“Doughboys” became the nickname for the troops of General John Pershing's American Expeditionary Forces, who traversed the Atlantic to join war-weary Allied armies fighting on the Western Front in World War I.
The Doughboys refer to the American forces in France during World War I. General John J. Pershing was their leader.
They were called the doughboys.
Doughboys. Yanks.
Doughboys
DOughboys
“Doughboys” became the nickname for the troops of General John Pershing's American Expeditionary Forces, who traversed the Atlantic to join war-weary Allied armies fighting on the Western Front in World War I.
The American troups were called doughboys in World War I.
doughboys
The Doughboys refer to the American forces in France during World War I. General John J. Pershing was their leader.

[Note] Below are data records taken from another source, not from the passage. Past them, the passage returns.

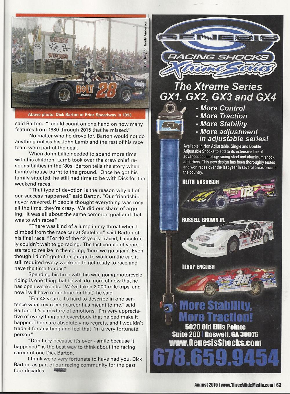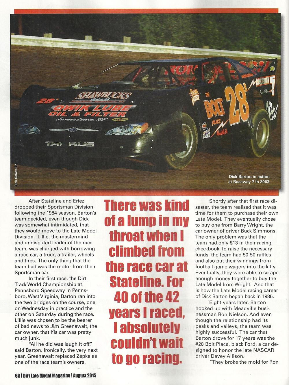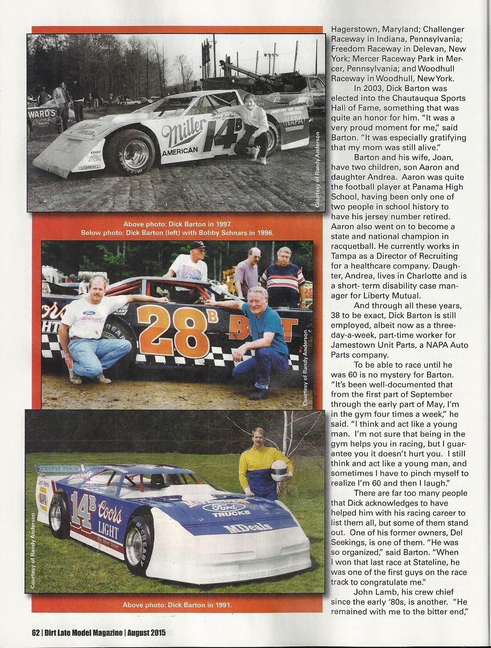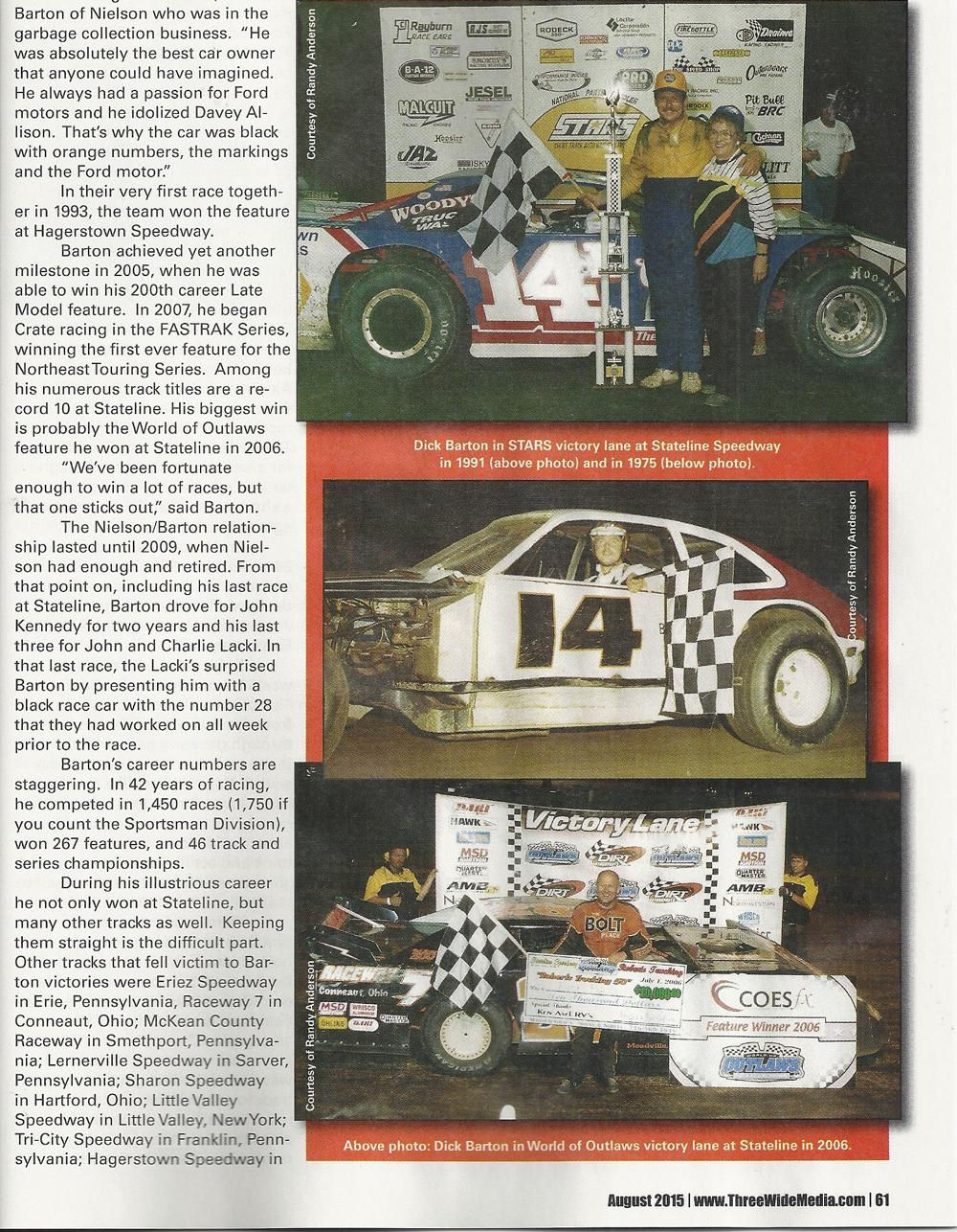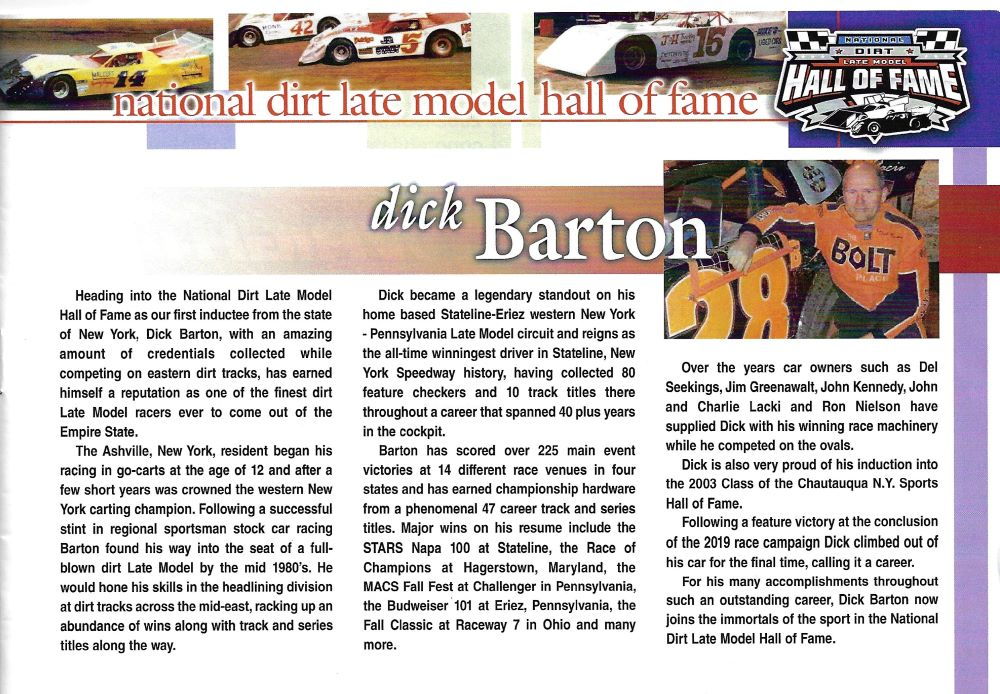 When area auto racing fans think of standouts the name of Dick Barton will have to be near the top of any list. In a career that spanned 42 years, he has set standards that may never be equaled.
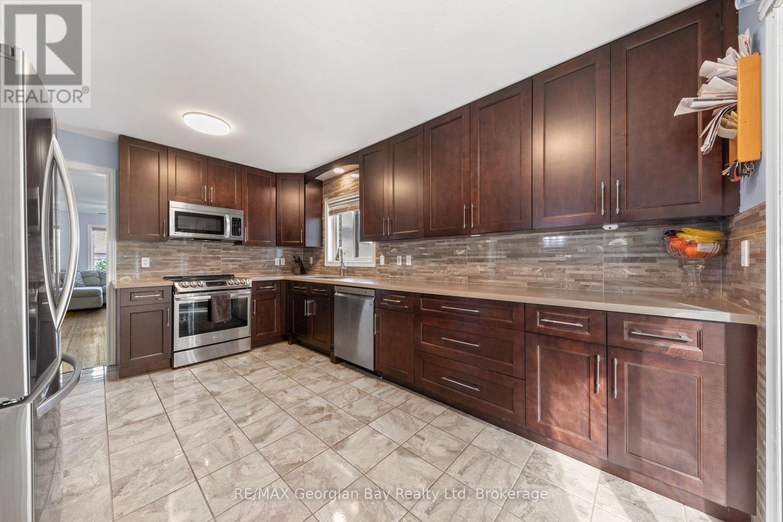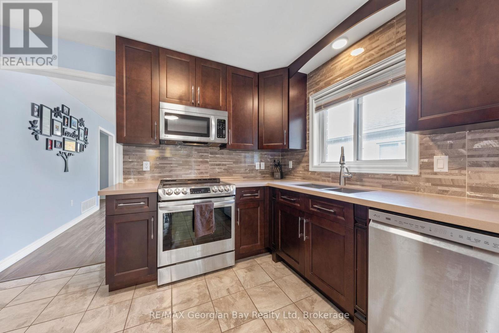 Welcome to the perfect family home, where space, style, and comfort come together! Located in Midlands sought-after west end, this beautifully maintained home offers everything your family needs to live, entertain, and relax. The heart of the home is the newer, large kitchen, complete with sleek quartz countertops and plenty of space for meal prep and casual dining. The open-concept living and dining area is perfect for gatherings next to the gas fireplace, while the oversized rec room downstairs provides the ultimate space for entertaining family and friends. With 2 bedrooms upstairs, including a spacious primary bedroom with a private ensuite, and 2 additional bedrooms downstairs, there's room for everyone. Three full bathrooms ensure convenience for the whole family. Additional features include gas heat, central air, HRV, fenced-in yard and a 2-car garage with a paved driveway for easy living. Nestled in a prime location, you're just a short walk from beautiful Georgian Bay and all the amenities the west end has to offer. This home is truly a place where memories will be made don't - wait to make it yours! (id:51158)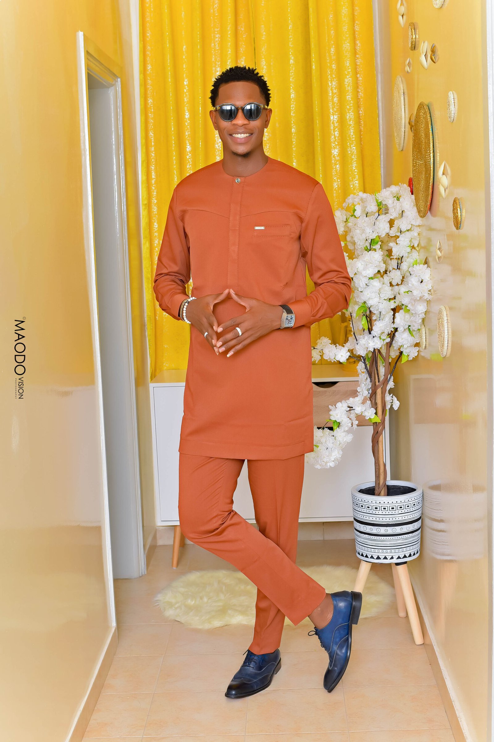 Cet ensemble traditionnel pour homme séduit par sa teinte rouille vibrante et son allure raffinée. Le haut, à manches longues et coupe droite, offre une silhouette nette et structurée, idéale pour les occasions formelles ou festives. Le pantalon assorti complète l’ensemble avec sobriété, garantissant confort et élégance. Les accessoires discrets tels que la montre et les bagues ajoutent une touche personnelle sans alourdir le style.
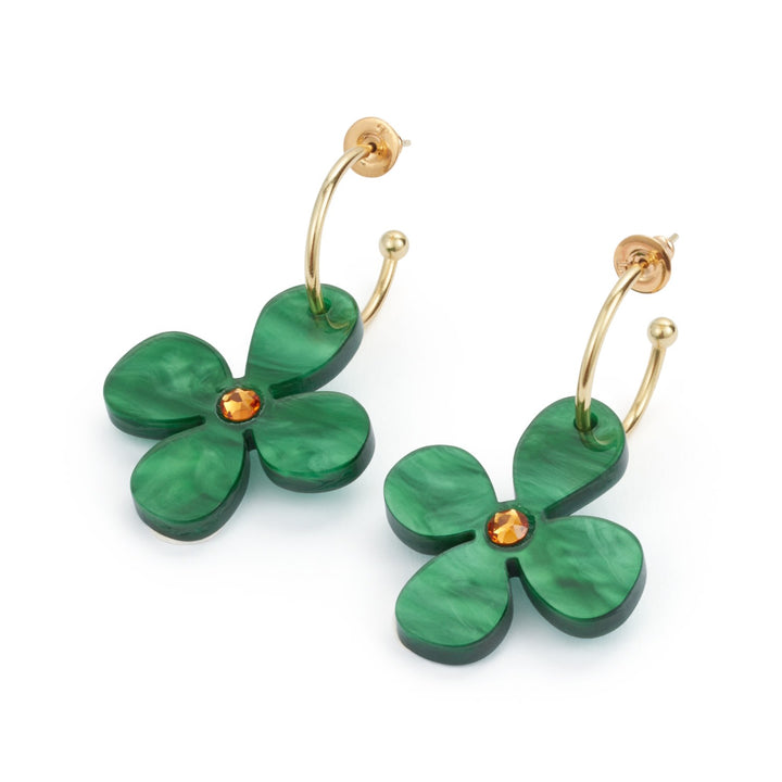 These Daisy Hoop Earrings by Toolally are a playful and charming accessory that adds a touch of whimsical flair to your look. The cute daisy charm and vibrant grass green color make them a perfect choice for summer adventures. They are lightweight and deceptively simple, offering a fun yet elegant statement for a dinner by the beach or a casual outing.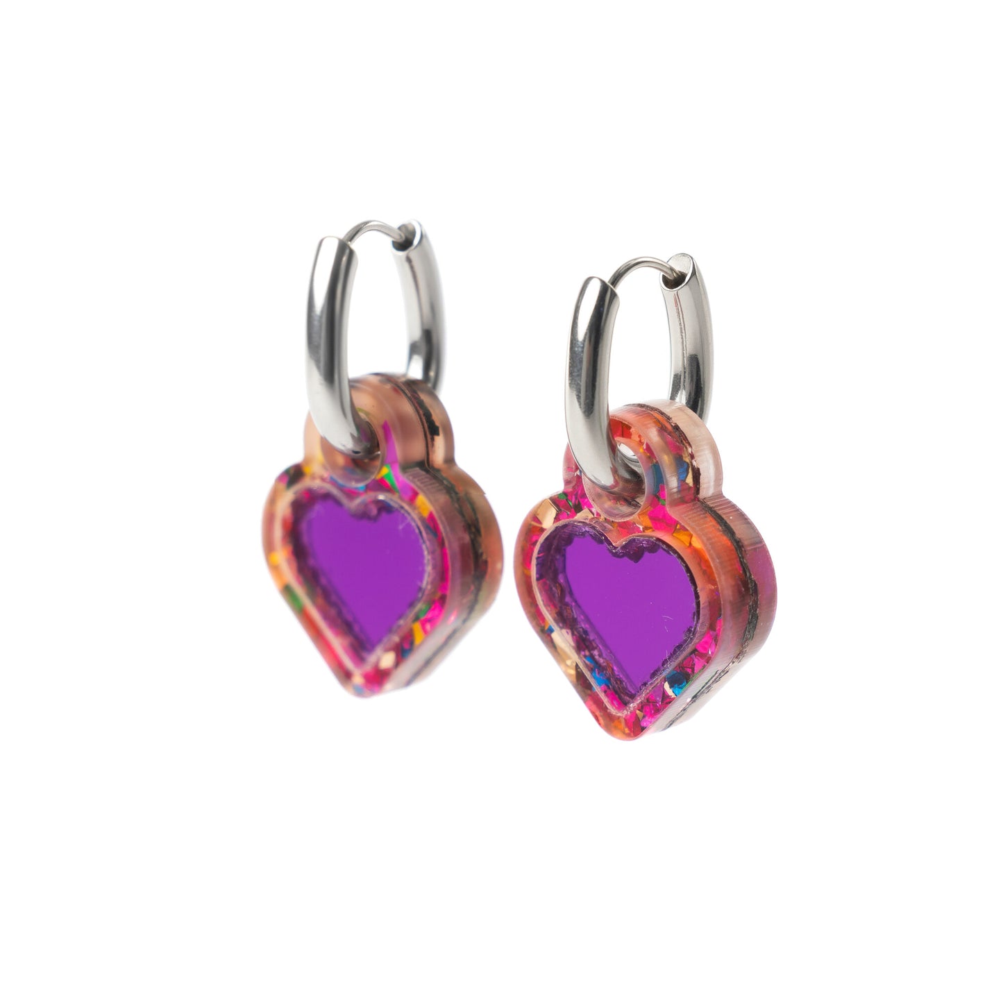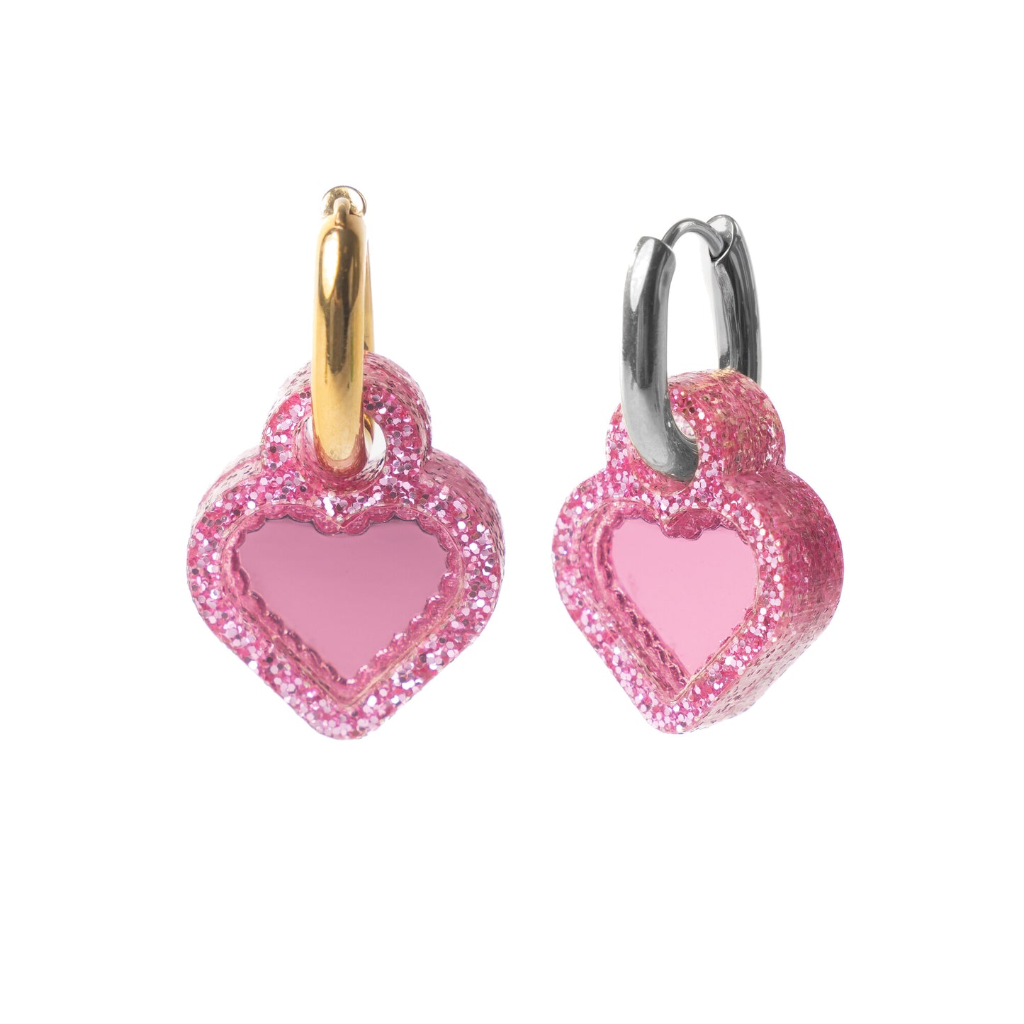 Glitter Heart Huggie Earrings - Double Chunk – Bold, On-Trend and Customisable Earrings

They were called the doughboys.
The doughboys were a group of allied forces during World War I. They committed many great acts of valor for the American Force during the war.
hshstyhht
Doughboys, there are only 3 remaining doughboys left. One of which is a 104-year odl from bayonne, NJ
Besides the already popular term "Yanks," US infantry soldiers in World War I were known as doughboys (the source of the nickname is not definitively established)
During World War I, as in so many other wars, soldiers from both sides were given nicknames of all sorts. The American soldiers who went 'over there' to fight were no exception, receiving nicknames such as 'doughboys' and 'Yanks,' among many others.
They are called doughboys because they carried bread and smelled like the dough all the time. So this is why there called doughboys.